Equation of Linear Regression model prediction

$ y = \theta_{0} + \theta_{1}x_{1} + \theta_{2}x_{2} + ... + \theta_{n}x_{n} $

- y is the predicted value.
- n is the number of features
- $x_{i}$ is the $i^{th}$ feature value
- $\theta_{j}$ is the $j^{th}$ model parameter (including the bias term $\theta_{0}$ and the feature weights $\theta_{1},\theta_{2},...,\theta_{n}$)

This can be written much more concisely using a vectorized form:

$y = h_{\theta}(x) = \theta · x$ 

- $\theta$ is the model's parameter vector, containing the bias term $\theta_{0}$ and the feature weights $\theta_{1}$ to $\theta_{n}$.
- x is the instance's feature vector, containing $x_{0}$ to $x_{n}$, with $x_{0}$ always equal to 1.
- $\theta . x$ is the dot product of the vectors $\theta$ and $x$, which is of course equal to $\theta_{0}x_{0} + \theta_{1}x_{1} + \theta_{2}x_{2} + ... + \theta_{n}x_{n}$.
- $h_{\theta}$ is the hypothesis function, using the model parameters $\theta$.

To train a Linear Reegression model, we need to find the value of $\theta$ that minimizes the RMSE. In practice, it is simpler to minimize the mean square error (MSE) than the RMSE, and it leads to the same result.

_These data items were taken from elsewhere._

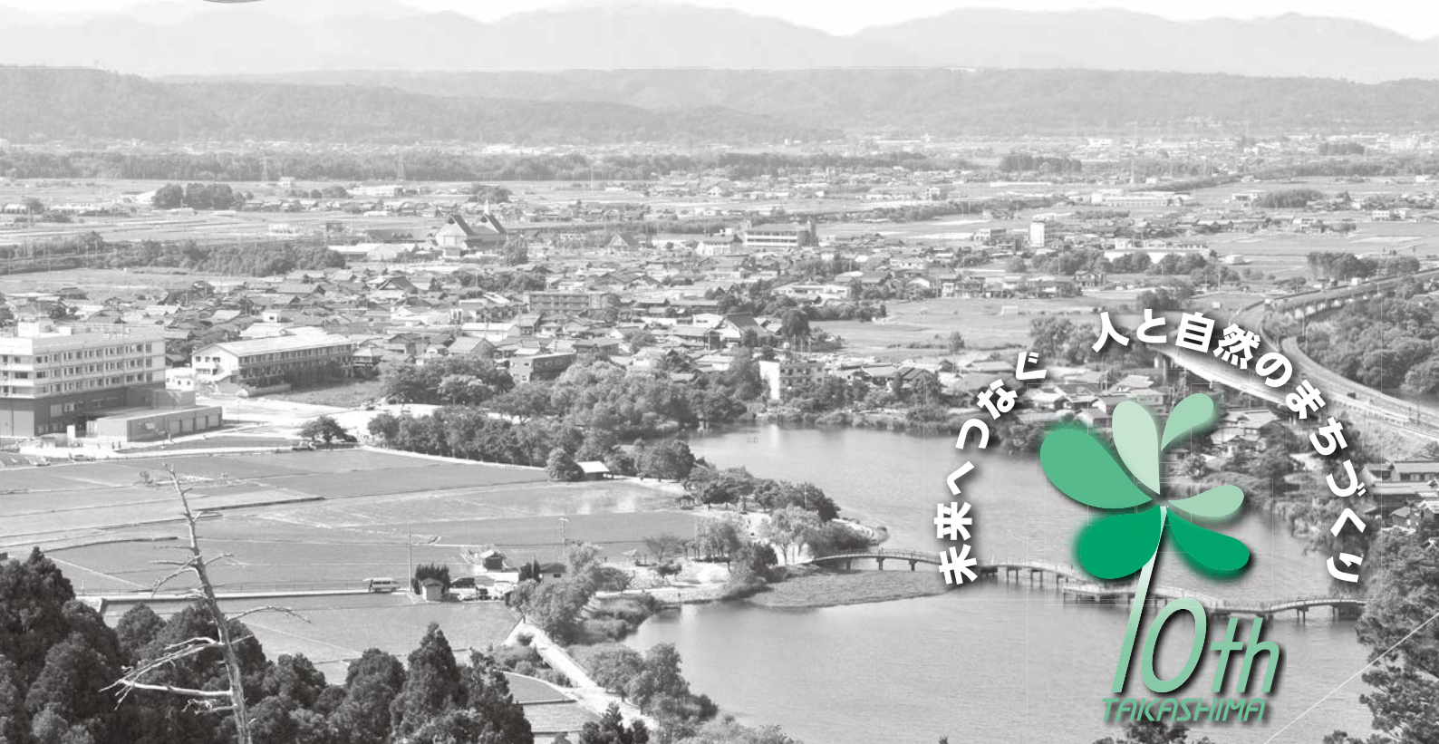
打下古墳からの眺望 (平成 26 年 11 月に答申された重要文化的景観「大溝の水辺景観」を望む)
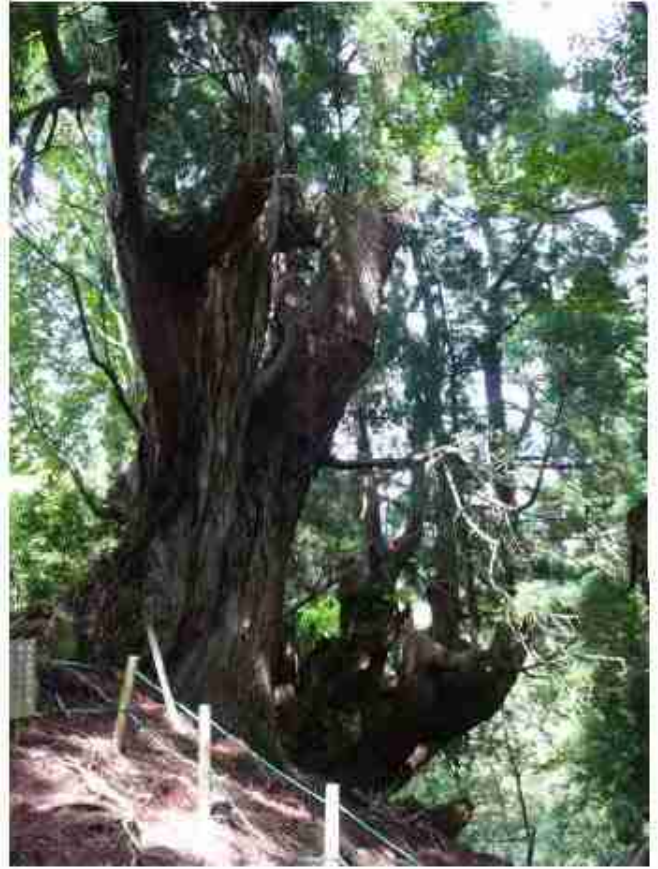
片波川源流 伏奈台杉〔芦生杉〕群生保護地域で 2009.9.14.
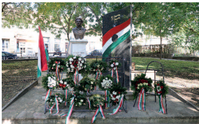
Szerencsen is méltóképpen megemlékeztek a forradalom hőseiről.
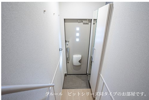
クルール ビットシリーズ同タイプのお部屋です。
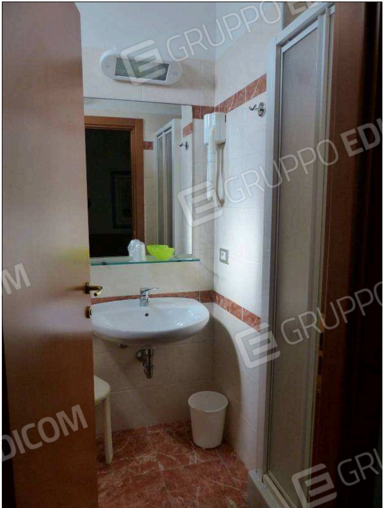
FOTO 76 – Piano terzo: bagno in camera tipo dell'albergo "Hotel ██████".
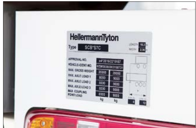
Plaque signalétique d'une remorque avec une étiquette de protection
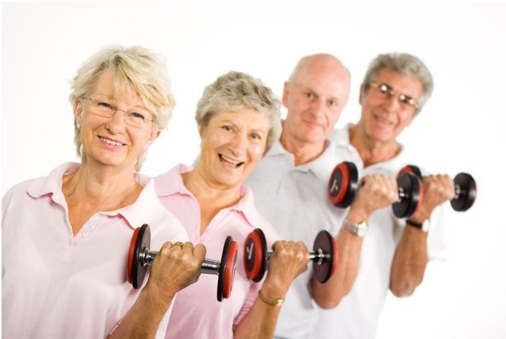
Slika 10 Vježbe snage
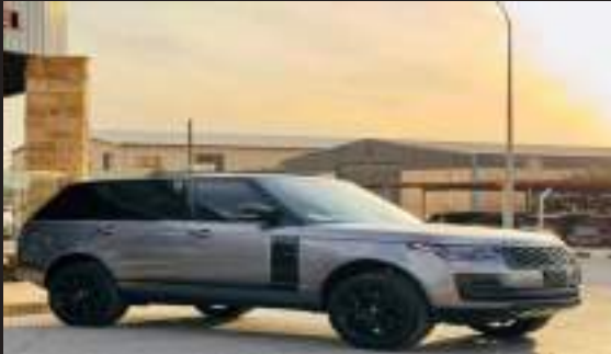
RANGE ROVER VOGUE 2020
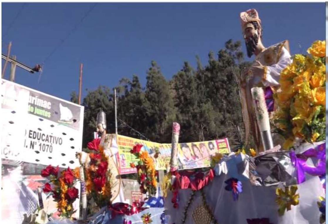
San Pedro y San Pablo a la altura del puente Chalhuanca- Chuquina
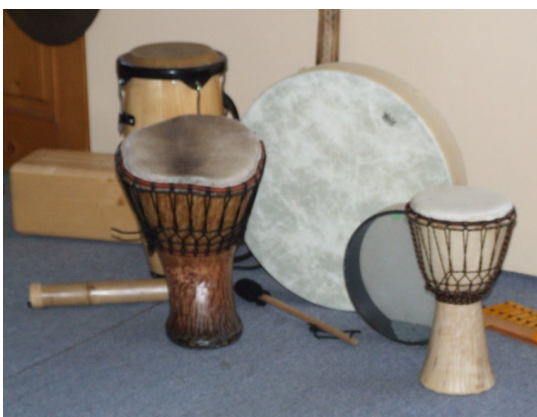
foto © Martina Krušinská, 2007 Žilina – Muzikoterapeutické a etnopedagogické moduly pre pedagógov
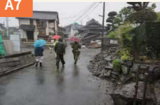
〈光輪寺の周辺〉 本震から6日後の21日、災害復旧に派遣された自衛隊を受け入れるため、専任下士官を自治会長と副会長が案内して被災地を回った。
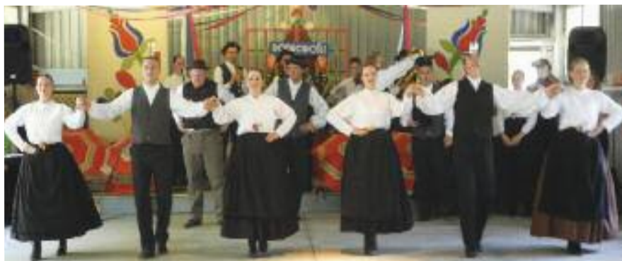
Kulturno umetniško društvo Študent iz Maribora

To, da se trudimo razločevati in videti, kaj je dobro in to spremljati, kar pomeni delati, se vključujemo v delo usmiljenja. Tako moremo kot člani slovenske in verske skupnosti lažje in uspešneje delovati v Jezusovem duhu in po njegovem zgledu za dobro vsakega človeka, za dobro skupnosti in za dobro sveta, v katerem živimo.
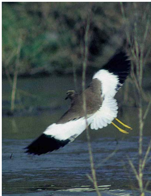
17 Witstaartkievit / White-tailed Lapwing Vanellus leucurus , Assendelft, Noord-Holland, 23 februari 1998 (René Pop) 18 Witstaartkievit / White-tailed Lapwing Vanellus leucurus , Assendelft, Noord-Holland, 23 februari 1998 (Arnoud B van den Berg) 19 Witstaartkievit / White-tailed Lapwing Vanellus leucurus , Assendelft, Noord-Holland, 23 februari 1998 (René Pop)
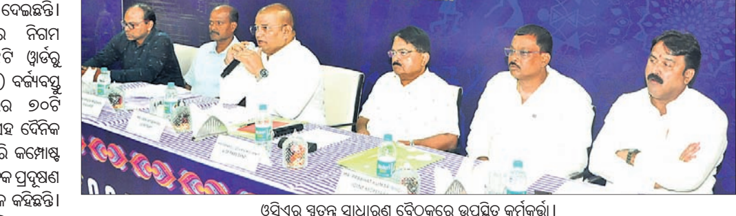
ଓସିଏର ସ୍ୱତନ୍ତ୍ର ସାଧାରଣ ବୈଠକରେ ଉପସ୍ଥିତ କର୍ମକର୍ମୀ।

ଆଇଏଏସ୍ କର୍ମଚାରୀଙ୍କୁ ଛିଠି-ଟ୍ୟାଣି କରିବାକୁ ଯାଉଛି। ଏହାଦ୍ୱାରା ପ୍ରତି ପୂର୍ଣ୍ଣସମୟରେ ସେମାନଙ୍କ ଗତିବିଧିକୁ ଗ୍ରାହ୍ୟ କରାଯାଇପାରିବ ବୋଲି ସେ କହିଛନ୍ତି। ସେହିପରି ଅବସରପ୍ରାପ୍ତ ସେମା ଅଧିକାରୀ ତା ଚେକ୍ ଏଣ୍ଡମେଣ୍ଟରୁ ପବ୍ଲିସ୍ ରାଜନ ମଧ୍ୟ ଅନୁରୂପ ମତ ବ୍ୟକ୍ତ କରି କହିଛନ୍ତି, ତେଣୁ ଲୋକାଳାୟକତା ଏବଂ ସ୍ୱେଚ୍ଛା ଇନିସିଆଟିଭ୍ ଆଣ୍ଡ କମ୍ୟୁନିକେଶନ୍ (ଆଇସିସି) ଦିନା କଠୋର ତେଣୁ ପ୍ରିଭେସି ଆଇନ ଅଣାଯାଇପାରିବ ନାହିଁ। ରାଜନଙ୍କ ମତରେ ଦିନା କୌଶଳରେ ରଖାଯାଉଛି ସେହିପରି ପଲ୍ଲୀ ଗତି। ରଖାଯାଉଛି ଦିନା କୌଶଳ ହେଲା ପରାଜୟ ପୂର୍ବରୁ କୋଣାର୍କ। ସାଧକରକ୍ଷେତ୍ରରେ ସାର୍ବଭୌମିକ ଏବଂ ତେଣୁ ପ୍ରିଭେସି ନେଇ ଜରୁରୀ ଆଇନ ନ ରହିବା ଦ୍ୱାରା ଭାରତର ଜାତୀୟ ସୁରକ୍ଷା ବିପନ୍ନ ହୋଇପାରେ ବୋଲି ସେ ସତର୍କ କରାଇଛନ୍ତି। ପ୍ରକାଶ ଯେ, ଅକ୍ଟୋବର ୧୮ରେ ଆଇଏଏସ୍ ଏବଂ ଉଚ୍ଚ ମଧ୍ୟରେ ଏହି ରୁଦ୍ଧି ସମ୍ପାଦିତ ହୋଇଥିଲା। ଏୟାର ଭାଇସ୍ ମାର୍କି ଉପଦେଶ ଶର୍ମା ଏବଂ ଉଚ୍ଚ ମଧ୍ୟରେ ଜଣେ ବରିଷ୍ଠ ଅଧିକାରୀ ଏଥିରେ ସ୍ୱାସ୍ଥ୍ୟ କରିଥିଲେ। ତଦନୁସାରେ ଉଚ୍ଚର ଆଇଏଏସ୍ ଅଧିକାରୀ, ଅବସରପ୍ରାପ୍ତ କର୍ମଚାରୀ ଏବଂ ସେମାନଙ୍କ ପରିବାରକୁ ବିଶ୍ୱସନୀୟ, ସହକ୍ଷ ଓ ସୁରକ୍ଷିତ ପରିବହନ ସେବା ପ୍ରଦାନ କରିବ ବୋଲି ବାଣ୍ଟିଥିବା ପକ୍ଷରୁ ଏହି ପୋଷ୍ଟ କରାଯାଇଥିଲା। ତେବେ ସୋସିଆଲ ମିଡ଼ିଆରେ ଏହାକୁ ନେଇ ଆପତ୍ତି ଉଠାଯିବା ପରେ ଏୟାରପୋର୍ଟ ଉକ୍ତ ପୋଷ୍ଟକୁ ତିଳିତ କରିଦେଇଥିଲା।
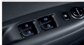
کلید کنترل بالابر شیشه ها
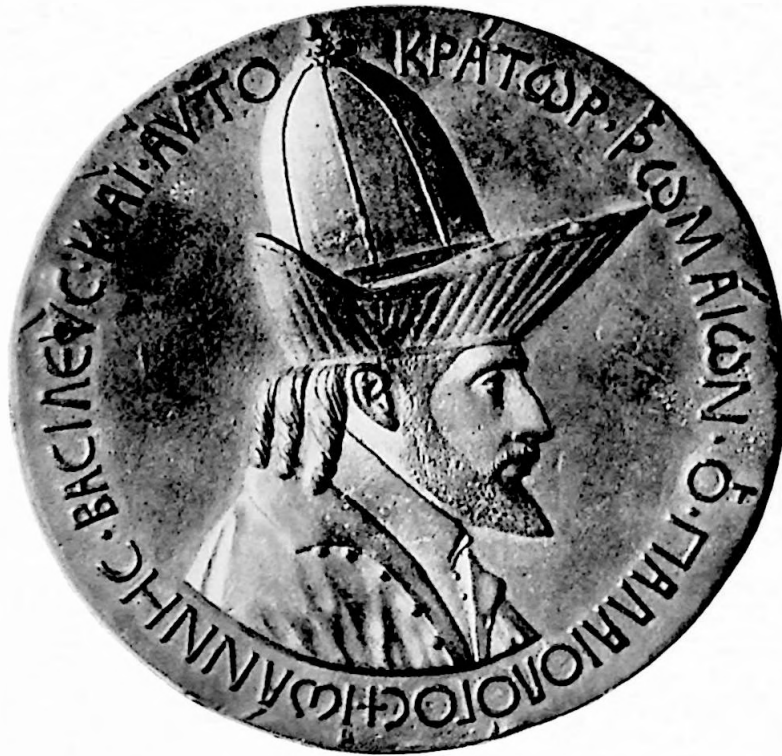
1438 Pisanello. Keizer Johannes Paleologus
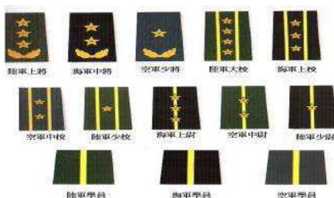
圖五：共軍07 式軍官軍銜肩章
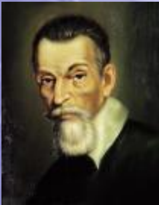
Клаудио Монтеверди (1567– 1643)
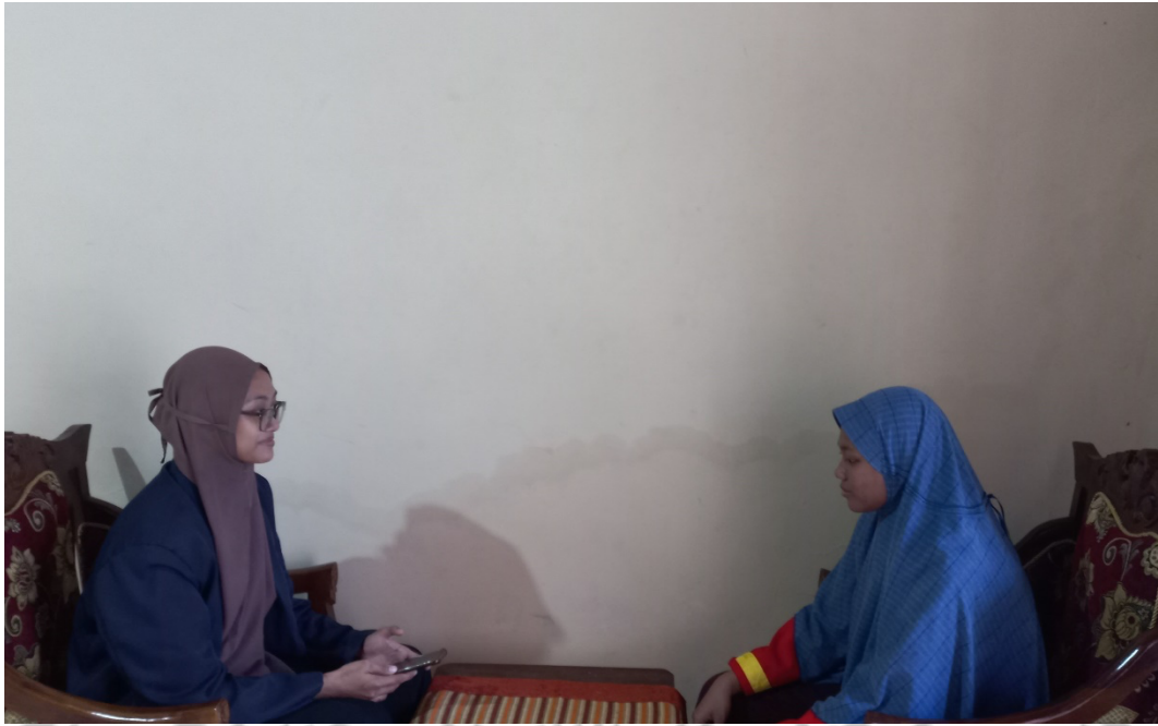
Gambar 3 Wawancara dengan Siswi Tapak Suci
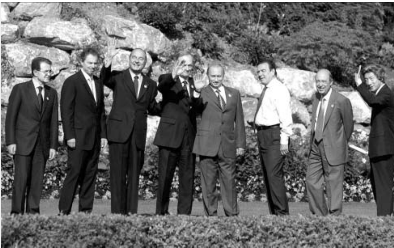
დიდი რვიანის საიტები სახელმწიფოთა ლიდერების მოკლევადიან შეხვედრებებს ემსახურება.

სწორედ საიტის წინ, ამერიკის პრეზიდენტმა სცადა ამ საკითხზე კრიტიკა თავიდან აეცილებინა და განაცხადა, რომ ღარიბ ქვეყნებში შიდსთან ბრძოლისათვის ამერიკა 15 მილიარდ დოლარს გაიღებს. ჰუმანიტარულმა

Equation of MSE cost function for a Linear Regression model:

$MSE(X,h_{\theta}) = \frac{1}{m} \sum_{i=1}^{m} (\theta^{T}x^{(i)} - y^{(i)})^{2}$

## The Normal Equation

To find the value of $\theta$ that minimizes the cost function, there is a mathematical equation that gives the result directly called the Normal Equation:

$\theta = (X^{(T)}X)^{-1} X^{T}  y$

In this equation:

- $\theta$ is the value of $\theta$ that minimizes the cost function.
- y is the vector of target values containing $y^{1}$ to $y^{m}$.

In [3]:
import numpy as np

X = 2 * np.random.rand(100,1)
y = 4 + 3 * X + np.random.randn(100,1)